HUT RI Ke-79 di Pendopo Kabupaten Majalengka Diwarnai Keributan, Jurnalis TV VS Ajudan Pj Bupati Majalengka

Majalengka, Grib.co.id., Seorang Ajudan Pj Bupati Majalengka yang belum diketahui namanya, diduga arogan dengan terkesan menghalangi tupoksi wartawan dalam melakukan wawancara sebagai bahan membuat produk karya jurnalistik, Sabtu (17/08/2024).

Berawal dari saat seorang jurnalis Televisi Swasta Nasional Nana Waskana yang meminta klarifikasi kepada Pj Bupati Majalengka Dedi Supandi, terkait bendera yang dinaikkan (dierek) Paskibraka tidak sampai puncak tiang bendera, di lapang GGM.

Usai klarifikasi, jurnalis tersebut ditarik dan dirangkul ajudan Pj Bupati Majalengka dengan posisi tangan ajudan mempiting, hingga diduga ada intimidasi dengan mempertanyakan dan mempermasalahkan kenapa menanyakan terkait hal diatas (bendera) kepada Pj Bupati Majalengka.

“Saat itu saya meminta komentar kepada Pj Bupati Majalengka, terkait acara upacara bendera, dan kemudian dalam upacara tersebut, ada kejadian bendera tidak naik penuh, artinya tidak sampai puncak, beliau tuh kemudian menjelaskan, setelah selesai saya ditarik sama ajudannya Pj Bupati Majalengka,” jelas Nana.

“Terus nanya, kenapa wawancara terkait masalah bendera, lah apa salah saya, saya kan punya hak menanyakan (tupoksi wartawan), masalah bendera tidak sampai puncak tiang, nah kenapa anda itu sebagai ajudan ngomong seperti itu,” tambahnya.

Naasnya, ditempat yang berbeda selang beberapa jam, saat para Wartawan sedang melakukan wawancara dengan Dhany Eka Rahadian, selaku ketua Purna Paskibraka Indonesia Kabupaten Majalengka di depan Pendopo terkait masalah yang sama (bendera).

Ajudan yang sempat bermasalah dengan Nana Waskana di Lapang GGM tersebut, menghampirinya, dan kemudian mengeluarkan kata-kata yang memancing emosi dan keributan, sehingga terjadilah cek-cok adu mulut antara ajudan dengan Nana, bahkan dengan wartawan lainnya yang tersulut emosi.

Sementara itu, klarifikasi Kabag Prokompim Dr.

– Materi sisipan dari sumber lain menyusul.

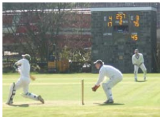
Pateley Bridge Cricket Club **Wireless**

H. Momon, S.Pd., M.Pd. mengatakan, “Izin Aa Hudri, punten nembe kabuka chatna. Insyaallah ntar kita klarifikasi, kita komunikasi ya. Nuhun,” katanya melalui pesan singkat.

Selanjutnya, dalam klarifikasi lanjutannya Ia mengatakan bahwa pada intinya kedua belah pihak sama baiknya, baik Wartawan ataupun ajudan. Wartawan punya tugas untuk meminta klarifikasi, sementara ajudan pun punya tugas pengamanan dan proteksi terhadap pimpinan, dalam hal ini Pj Bupati Majalengka.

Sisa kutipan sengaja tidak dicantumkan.